🤖 AI Summary
Diffusion models for fMRI-based visual stimulus reconstruction suffer from structural distortions, texture blurriness, and chromatic inaccuracies due to insufficient low-level perceptual guidance during denoising. Method: This work pioneers a neuroscience-informed analysis of the diffusion process and introduces a bottom-up enhancement strategy driven by gradients of primary visual features—enabling joint optimization of semantic consistency and fine-grained fidelity. We further propose an output-consistency-guided prompting paradigm. Built upon Stable Diffusion, our framework integrates an fMRI-to-visual-feature decoder, a multi-scale visual cortical feature projection module, and a gradient-reweighted diffusion guidance mechanism. Results: On the Natural Scenes Dataset (NSD), our method significantly outperforms state-of-the-art approaches: qualitative evaluation demonstrates superior structural integrity and color accuracy; quantitative metrics show improved cross-trial reconstruction consistency.

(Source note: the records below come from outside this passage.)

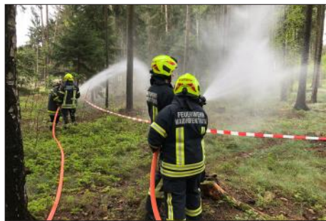
28.04.2019 83 Feuerwehren übten die Waldbrandbekämpfung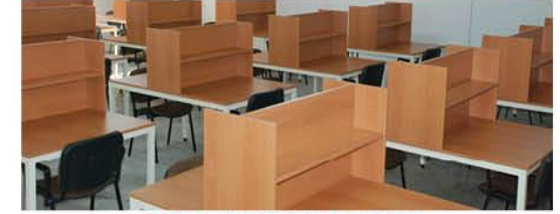
Resim 2 : 50 Kişilik Çalışma Salonu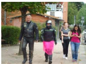
Vår HRC vid en möhippekörning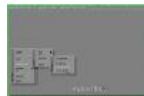
ghost7.jpg 369x245x16.7 Mio [9 KB]

Tijp nu de naam van de image file die je wil terug zetten en druk op Enter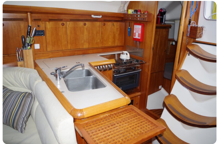
JSO 40.3 33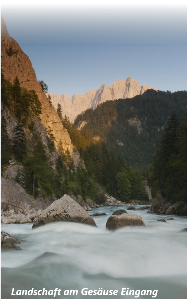
Landschaft am Gesäuse Eingang

Die Enns bildet ein Biotop für Pflanzen und Tiere, die in stärker regulierten Flüssen nicht mehr überleben können. Flaggsschiffart ist der Flussuferläufer , im Gesäuse findet sich das größte Brutvorkommen in der Steiermark.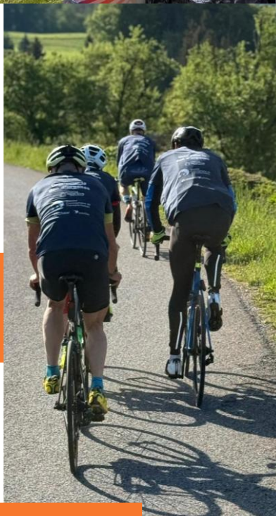
On roule !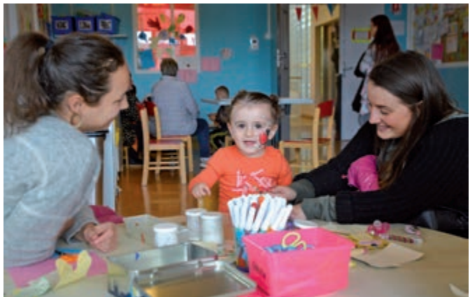
La Fête de la petite enfance a permis aux enfants comme aux parents de s'éclater !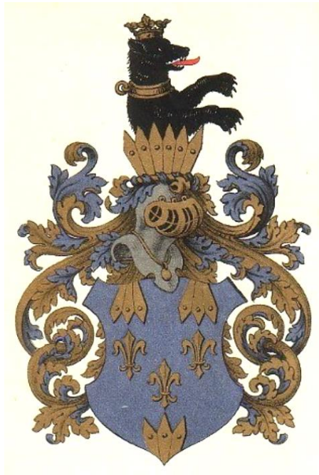
Ubetitlet adels våben ca. 1700 – typisk ingen skjoldholder, en hjelm (von Arensdorff, uradel)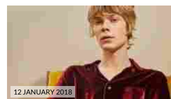
12 JANUARY 2018 Robert Cavalli TRIPLE RRR: la collezione autunno inverno 2018 2019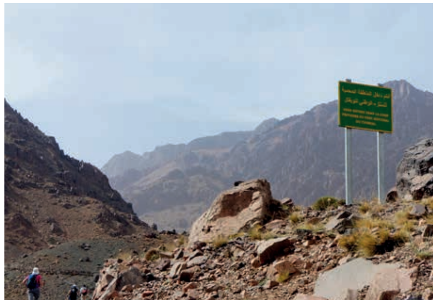
De Jbel Toubkal is de hoogste berg van Marokko en een geliefd gebied voor hiking.

Hierna stijgt de weg langs hoge rotswanden met scherpe haarspeldbochten boven elkaar naar het hoogste punt, de 2100 m hoge bergpas Tizi-n-Test. Deze bergweg in het schaars begroeide landschap is aangelegd door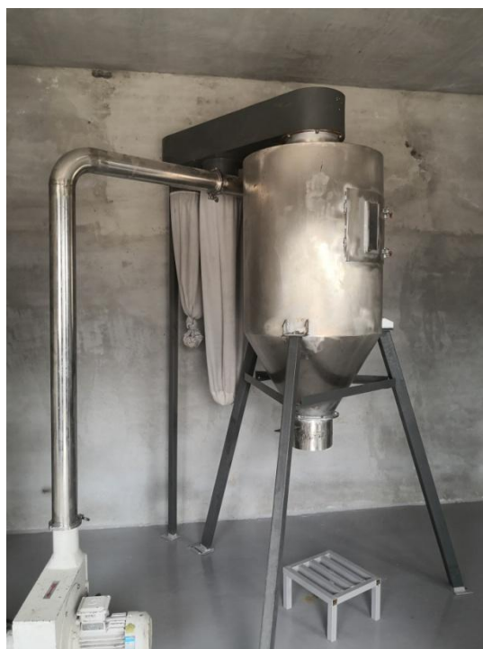
粉碎工序布袋除尘器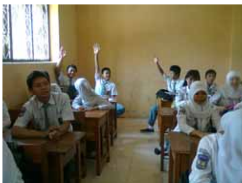
Gambar 11. Perilaku Siswa Aspek Menghargai Pendapat

Perubahan perilaku siswa yang berkaitan dengan perilaku menghargai perbedaan pendapat terlihat dari siswa yang mau menerima dengan berlapang dada jika pendapatnya kurang tepat dan kurang diterima oleh anggota kelompok/teman yang lain, tidak ada yang mengolok-olok kekurangan yang dimiliki teman, jujur dan terbuka dalam menyampaikan pendapat pada saat diskusi berlangsung. Sebesar nilai 90,97 telah diperoleh siswa yang memiliki perilaku tersebut.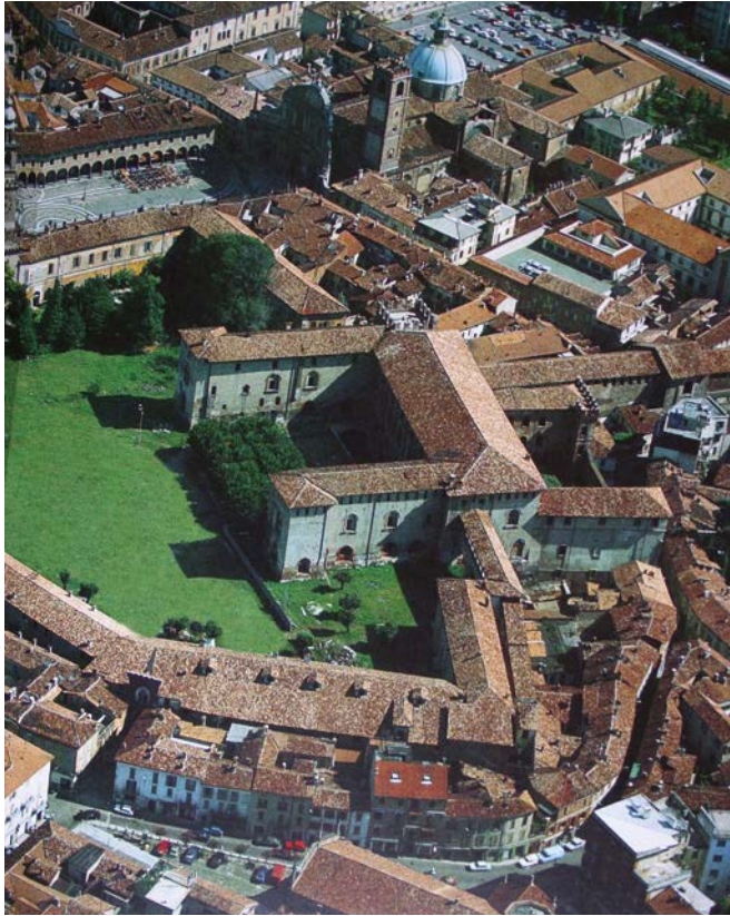
Fig. 5. Vigevano, Castello, veduta aerea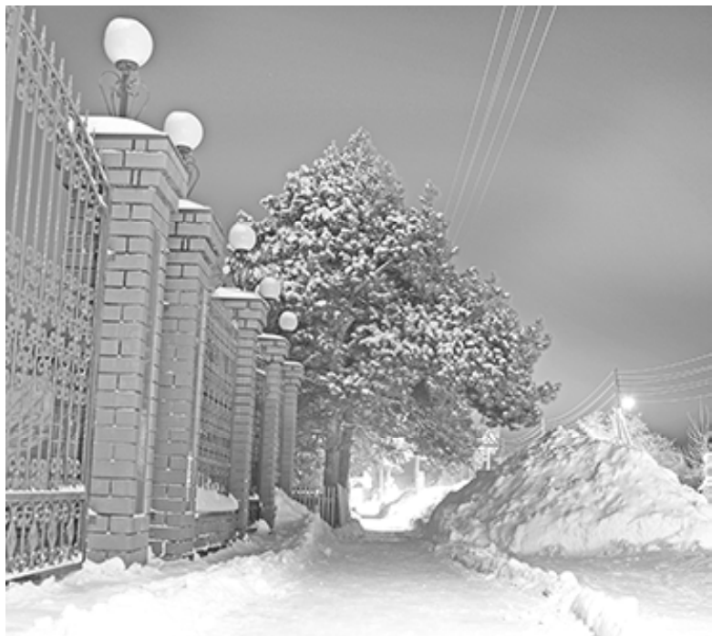
* Ночная улица Сладкова.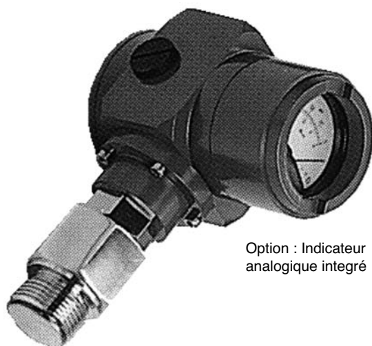
Option : Indicateur analogique intégré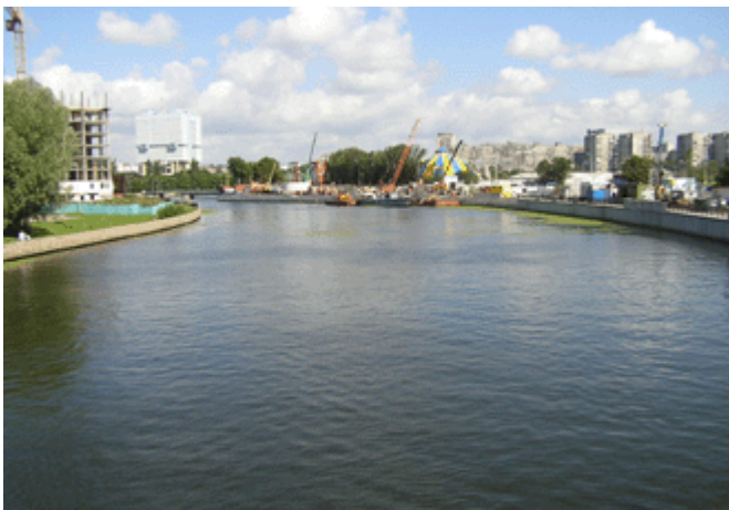
Blick zum späteren Fischerdorf (hier noch im Bau)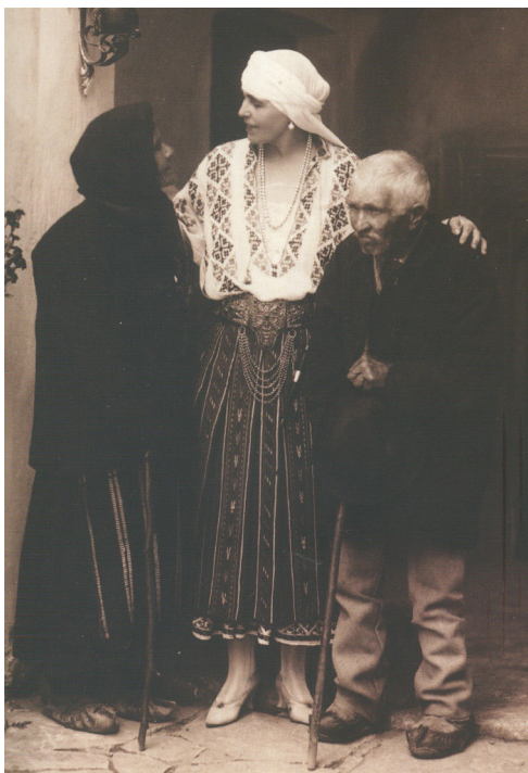
Fig. 10 Regina Maria alături de doi bătrâni la castelul Bran. 1922

Seara de 1 decembrie 1918 s-a încheiat la Cotroceni, printr-o cină în marea sală a palatului, la care au participat 120 de persoane” 55 .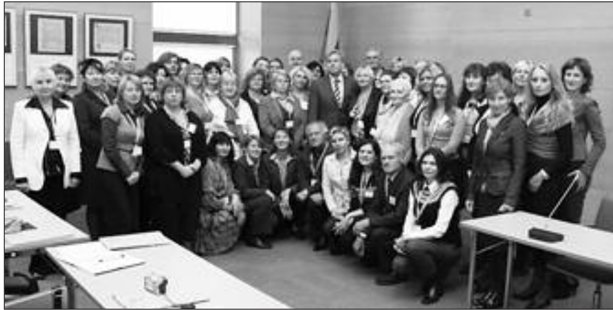
Seminaro dalyviai su užsienio reikalų ministru A. Ažubaliu.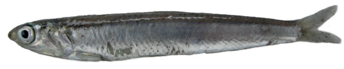
Inćun ( Engraulis encrasicolus )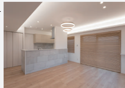
ブラインドを落とすと、フロアと照明、窓枠とブラインドオーソドックスに整えられたカラーリングの効果が際立ちます。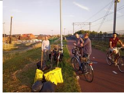
29/06, 6 zakken zaad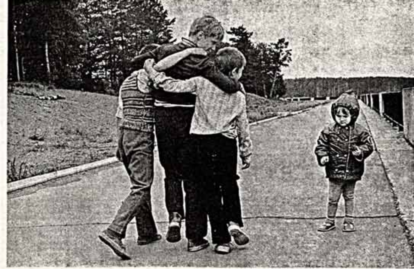
Ю. Федоров. «Ох уж это молодое поколение...»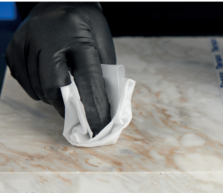
Applicazione del prodotto

Ablation studies confirm the efficacy of each component.
📝 Abstract
Reconstructing visual stimuli from functional Magnetic Resonance Imaging fMRI enables fine-grained retrieval of brain activity. However, the accurate reconstruction of diverse details, including structure, background, texture, color, and more, remains challenging. The stable diffusion models inevitably result in the variability of reconstructed images, even under identical conditions. To address this challenge, we first uncover the neuroscientific perspective of diffusion methods, which primarily involve top-down creation using pre-trained knowledge from extensive image datasets, but tend to lack detail-driven bottom-up perception, leading to a loss of faithful details. In this paper, we propose NeuralDiffuser, which incorporates primary visual feature guidance to provide detailed cues in the form of gradients. This extension of the bottom-up process for diffusion models achieves both semantic coherence and detail fidelity when reconstructing visual stimuli. Furthermore, we have developed a novel guidance strategy for reconstruction tasks that ensures the consistency of repeated outputs with original images rather than with various outputs. Extensive experimental results on the Natural Senses Dataset (NSD) qualitatively and quantitatively demonstrate the advancement of NeuralDiffuser by comparing it against baseline and state-of-the-art methods horizontally, as well as conducting longitudinal ablation studies.